Existing (Figure 14-30, left) This type of space can be a very difficult one to design. The wall and window patterns of the house and the addition create odd areas of open wall space. The window well and minimal planting strip make for a difficult place to provide attractive planting arrangements and still provide light to the basement. The side entry is small and confined by the raised stone strips. In addition, there doesn’t seem to be anything that accents or highlights this entry.
Proposed (Figure 14-30, right) In tight spaces like this, it is important to explore the walls as places for design change. Using a larger stone area at the side door along with an ornamental urn and vertical planting will accent this entry. Using
lower plants in front of the window well will allow light for the basement, yet an ornamental shrub can be positioned to hide a view to the well. Providing a window box beneath the window and incorporating an espaliered plant in the archway will make the wall a stronger design element.
Existing (Figure 14-31, left) This view will change, for the owners plan to have an addition put on the garage to house another car. This will extend the garage further back into this space and reduce the amount of room for the vegetable and herb gardens behind the garage.

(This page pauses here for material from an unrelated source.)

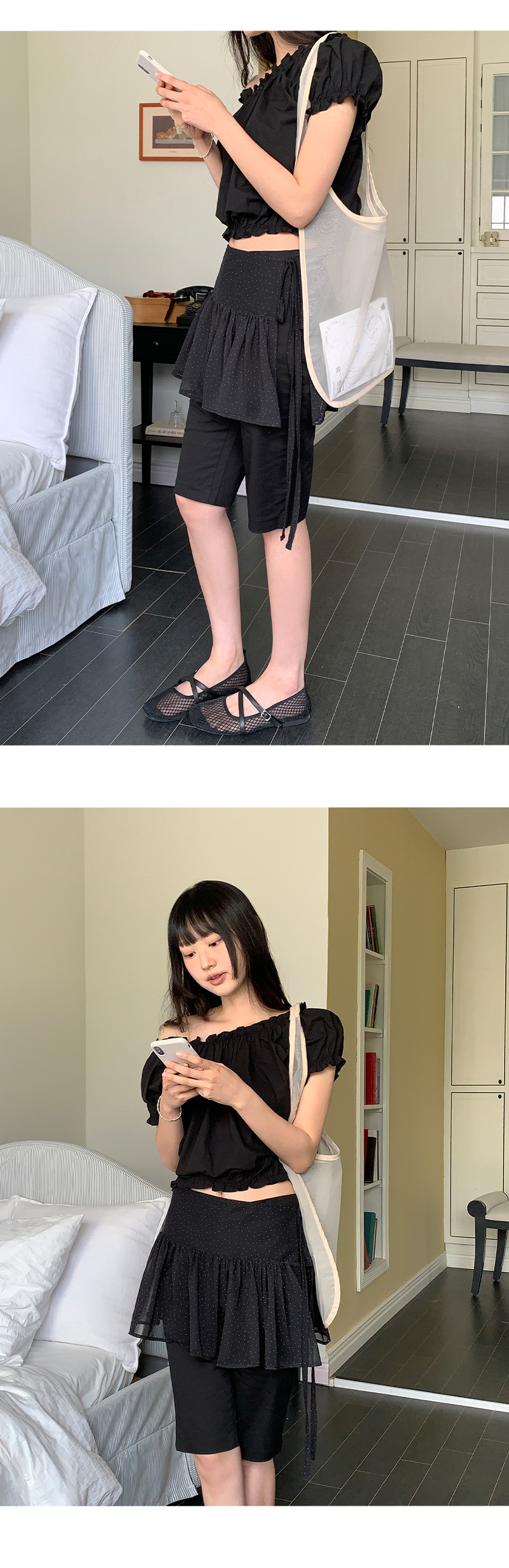 시스루로 내부가 은은하게 비쳐 계절감 있는 스타일링에

The garden will still be fenced, and access will still be provided through these gardens into the backyard.
Proposed (Figure 14-31, right) This sketch illustrates just how much room will be needed to add another car space. The existing door to the garage will also be relocated to the back edge of the garage. This sketch also illustrates how much room will be left for the formal vegetable garden. There was uncertainty at this time as to the type, height, or location of a gate into and through the garden to the backyard.